Recorded information:
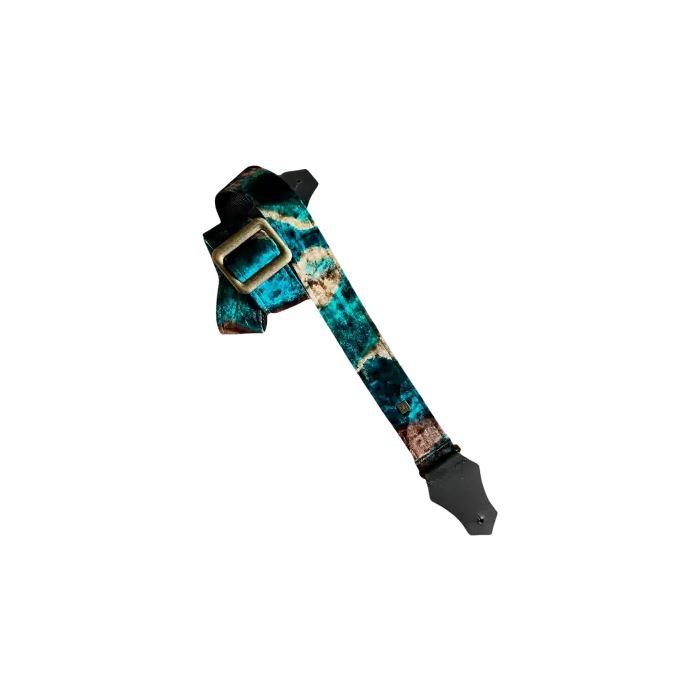 - Categoría: correas- Instrumento: guitarra, bajo- Material: nailon, piel, terciopelo- Funda: terciopelo estampado estilo acuarela- Color: tonos de blanco plateado a negro parduzco oscuro, con toques de azul- Longitud: ajustable hasta 165 cm
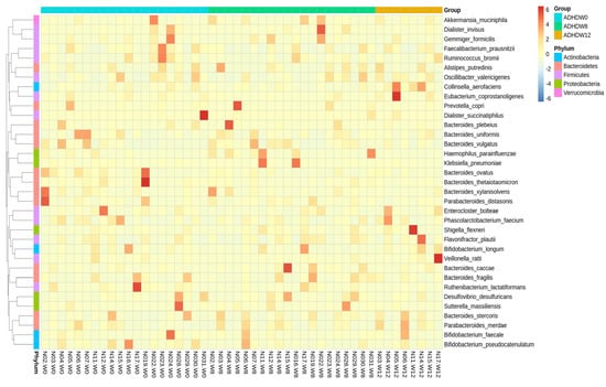 Figure 4 illustrates the bacterial taxonomic distributions of phylum levels in ADHD patients along with time. The most abundant families are Bacteroidota, Firmicutes, and Proteobacteria, respectively. Figure S2 shows the bacterial taxonomic distributions at the species level in ADHD patients at baseline, week 8, and week 12. Bacteroides vulgatus, Bacteroides steroids, Bacteroides uniformis, Bacteroides fragilis, and Shigella flexneri were the five most abundant species among patients.
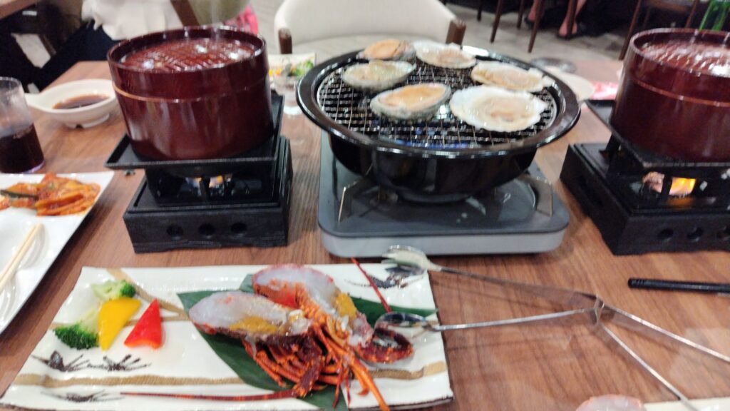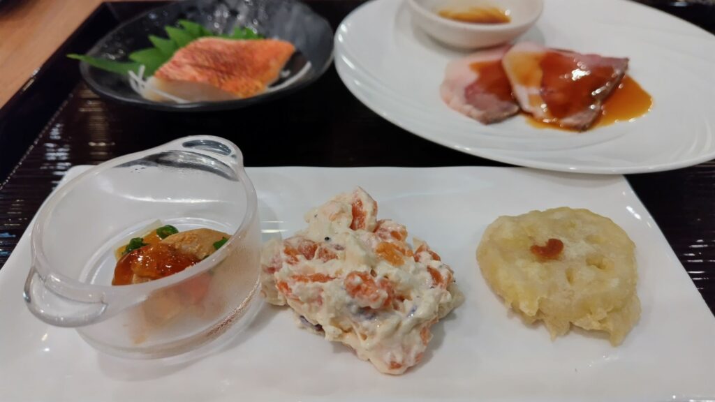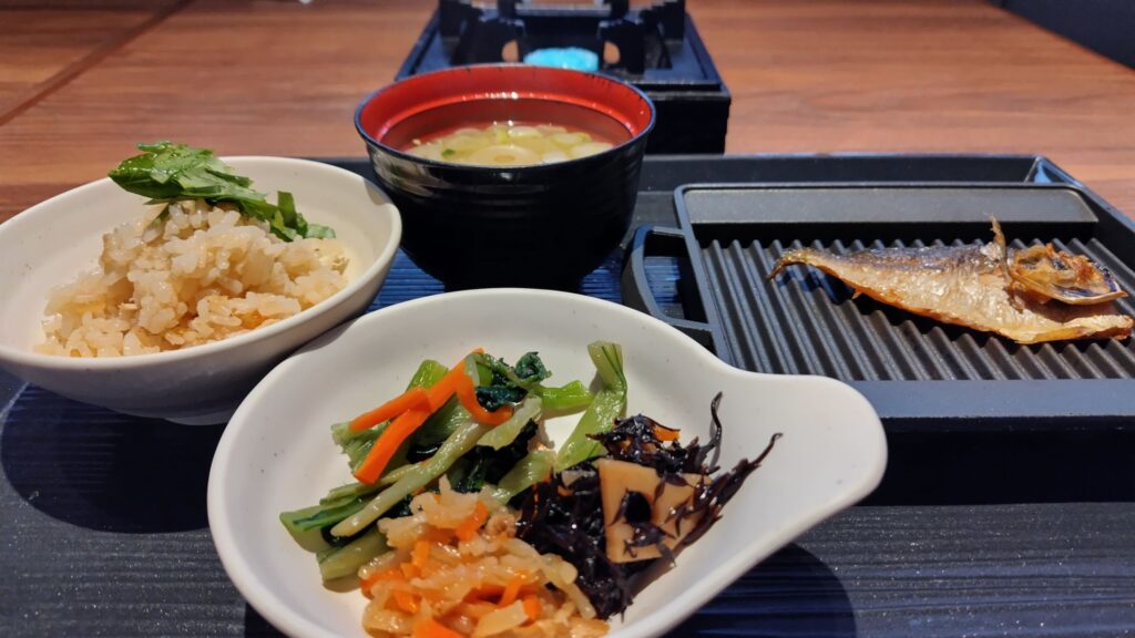海鮮丼が作れるコーナーや、干物を炙って食べられる和食がうれしい。金目鯛の炊き込みごはんが特に好みでした。
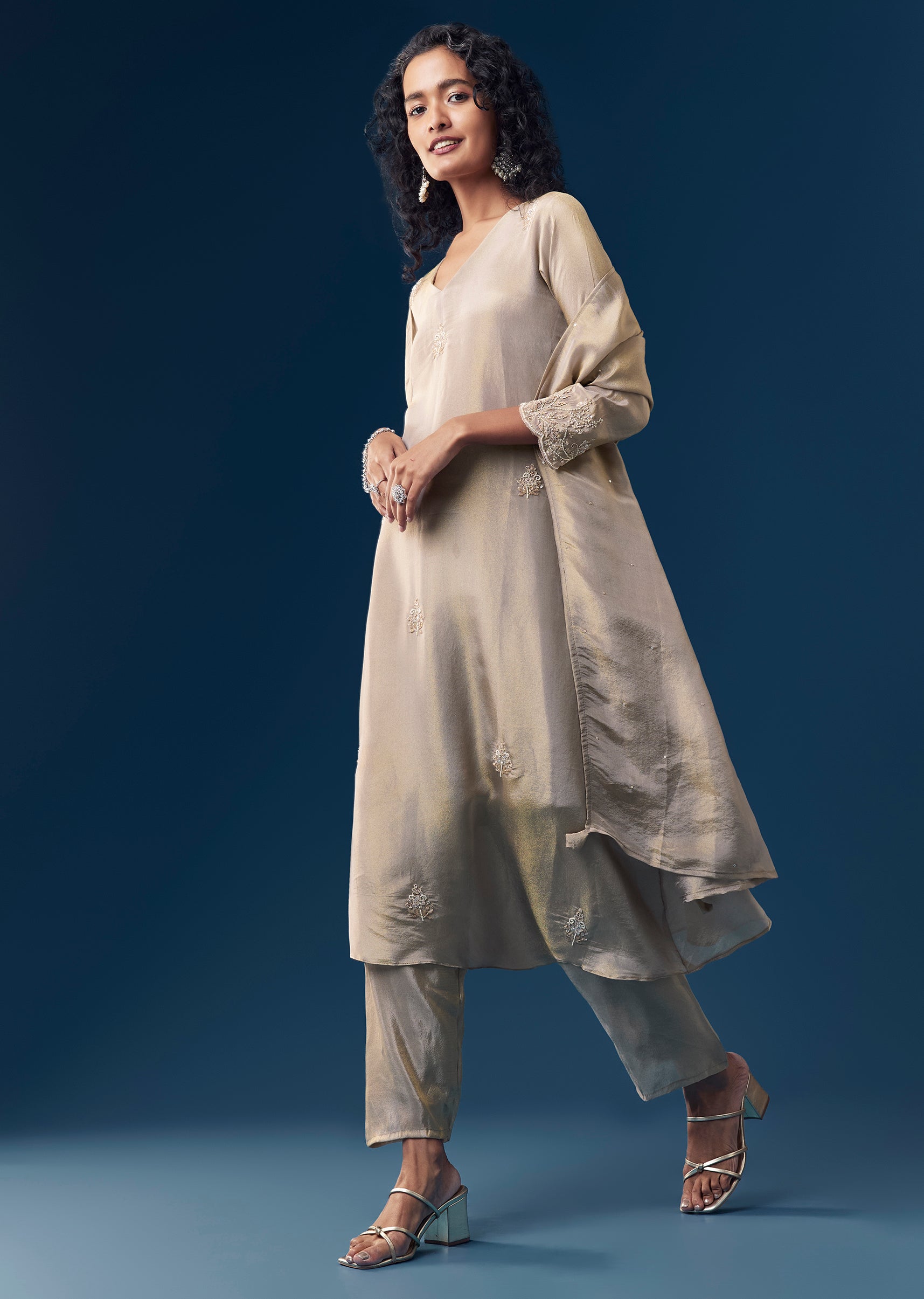 Pair with minimal jewellery and soft, glowing makeup to let the intricate butti work shine.
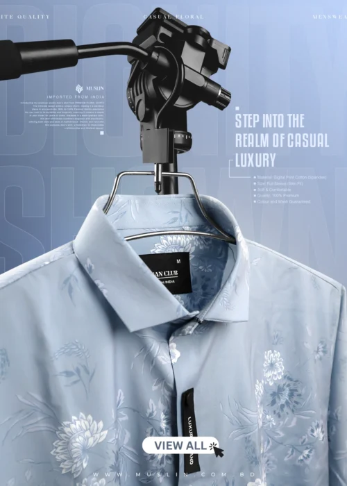 Muslin’s Indian Fabric’s Digital Print Shirt | Sky

Task: Write out, exactly as they stand, the line with "Pair with minimal" and every line after it through the end of the entries above; omit the pictures.

Answer for the task:
 Pair with minimal jewellery and soft, glowing makeup to let the intricate butti work shine.
 Muslin’s Indian Fabric’s Digital Print Shirt | Sky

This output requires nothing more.